Police Chief Carmen Best announced plans to retire Monday night, shortly after the Seattle City Council voted to cut the city’s police department budget by less than 1% after months of protests demanding that the city defund the police.
By a vote of 7-1, the council approved mid-year budget cut would reduce the police department’s $409 million 2019-2020 budget by $3.5 million. The plan will instead invest $17 million in community public safety programs.
“I look forward to seeing how this department moves forward through the process of re-envisioning public safety,” Chief Best said in an email to the force announcing her retirement.
Best, who is the first Black woman to occupy the city’s top policing job, said that she is “confident the department will make it through these difficult times.”
The revised police budget will reduce executive pay and eliminate 100 full-time police officers. It also decreases the budget for public affairs, travel, training, and recruitments and slashes the funding of specialized units like community safety officers in schools, harbor patrol, homeland security, mounted patrol, and SWAT teams. The budge also removes police from the city’s homeless outreach team.
The council approved the budge change after an inquest into the department revealed that 56% of 911 phone calls are for non-criminal activity and only 3% of calls result in arrest.
“This cut is a down payment for future potential reductions,” Seattle City Council President M. Lorena González said in a statement. “Reducing the budget of the Seattle Police Department is a response to the calls for advocating for racial justice and investments in BIPOC communities.”
Although these budget cuts are significant, they fall way short of the 50% cut being demanded by Seattle protestors.

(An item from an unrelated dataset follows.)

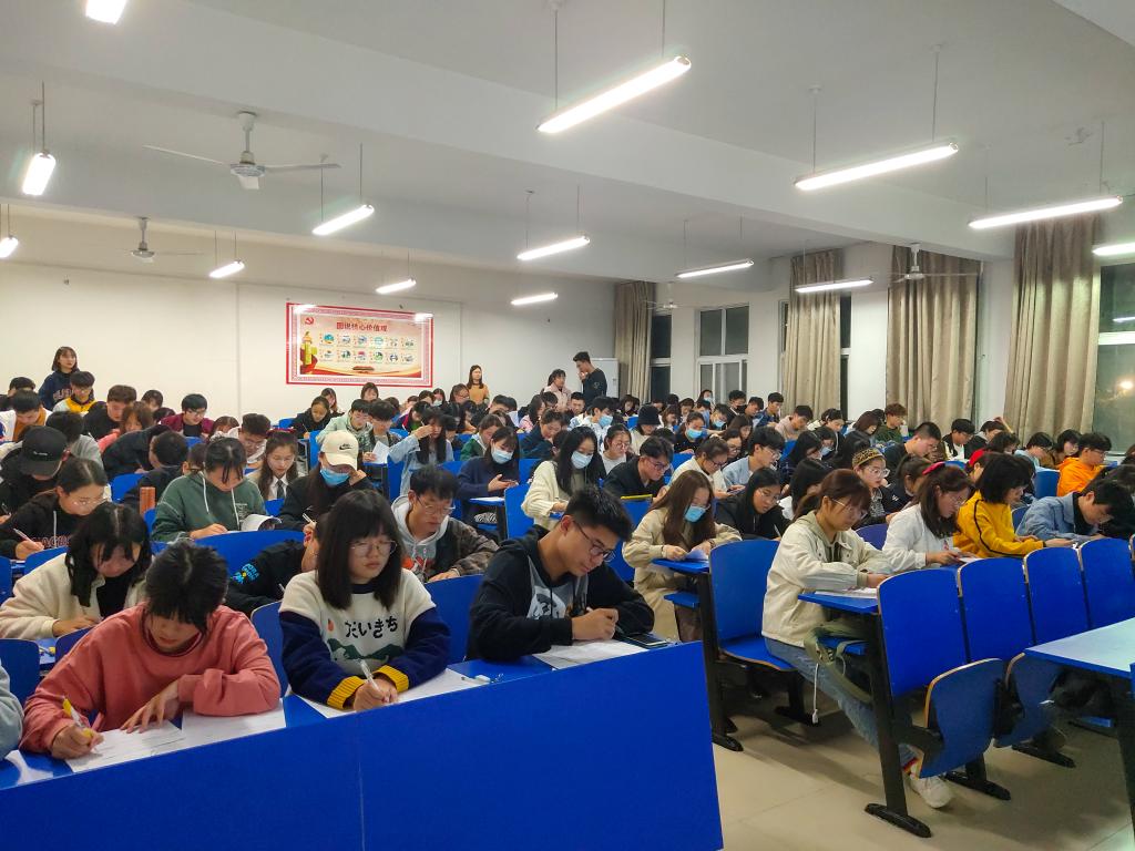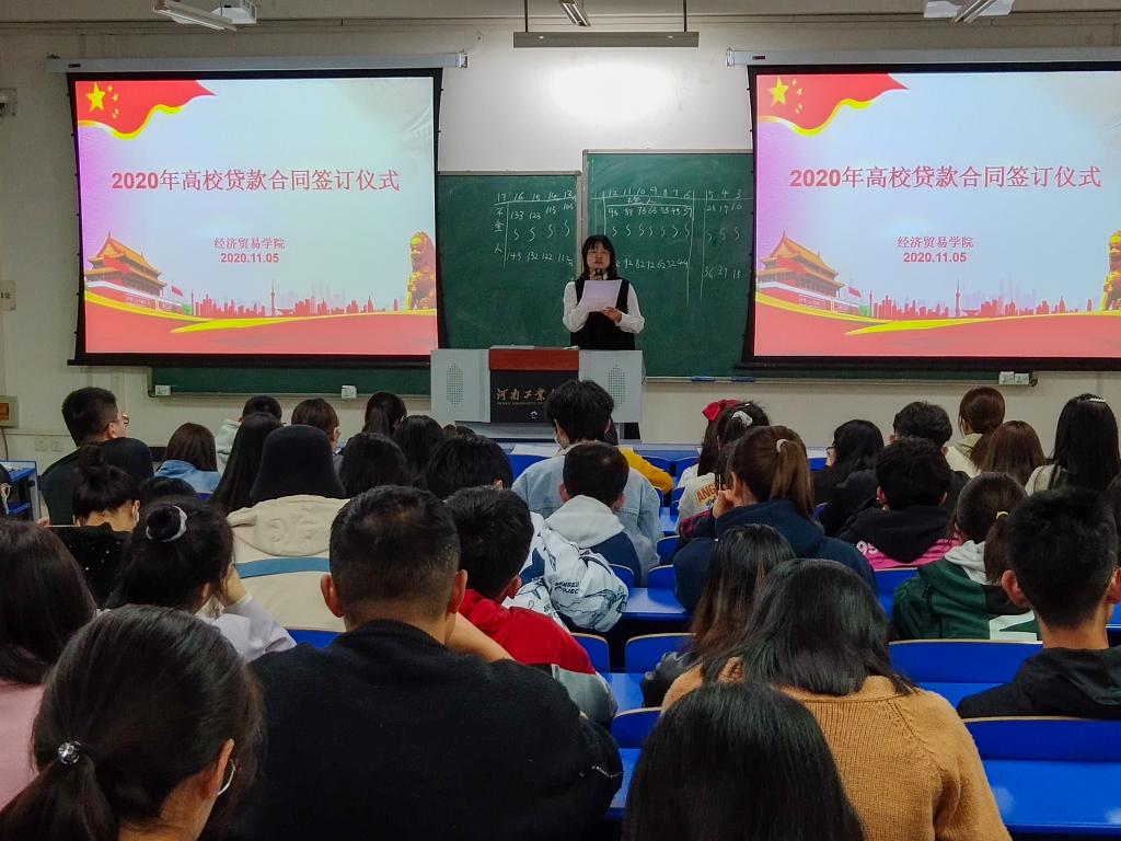 在3209教室开展2020年高校贷款合同签订仪式暨感恩励志教育大会。2017级辅导员王秋瑾、院生活部成员及申请高校贷款同学参加本次会议。

Seattle has been the site of almost nightly protests since the murder of George Floyd by Minneapolis police on May 25. The protests lead to the establishment of the Capital Hill Organize Protest (CHOP), a six-block area controlled by community members free of police presence, that lasted from June 8 to July 1. Although there have been a few violent skirmishes between police and protestors, the protests have been almost entirely peaceful.
This weekend, protestors marched into Chief Best’s suburban neighborhood to protest outside her house but were rebuffed by a group of armed white neighbors.
The approved plan also falls significantly short of Mayor Jenny Durkan’s June 24 request that the city council cut the police department budget by $20 million to address a $378 million city deficit related to the coronavirus pandemic. At the time, Mayor Durkan asked the police department to prepare for a possible 50% reduction of its spending in the 2020-2021 budget.
Chief Best had previously proposed a smaller cut of nearly 20% but vehemently opposed the council’s plans for deeper cuts.
Chief Best did not clearly state the reasons behind her retirement, which will be effective September 2, but Mayor Durkan said she was leaving in hopes of improving the department’s contentious relationship with City Council in her statement accepting Best’s resignation.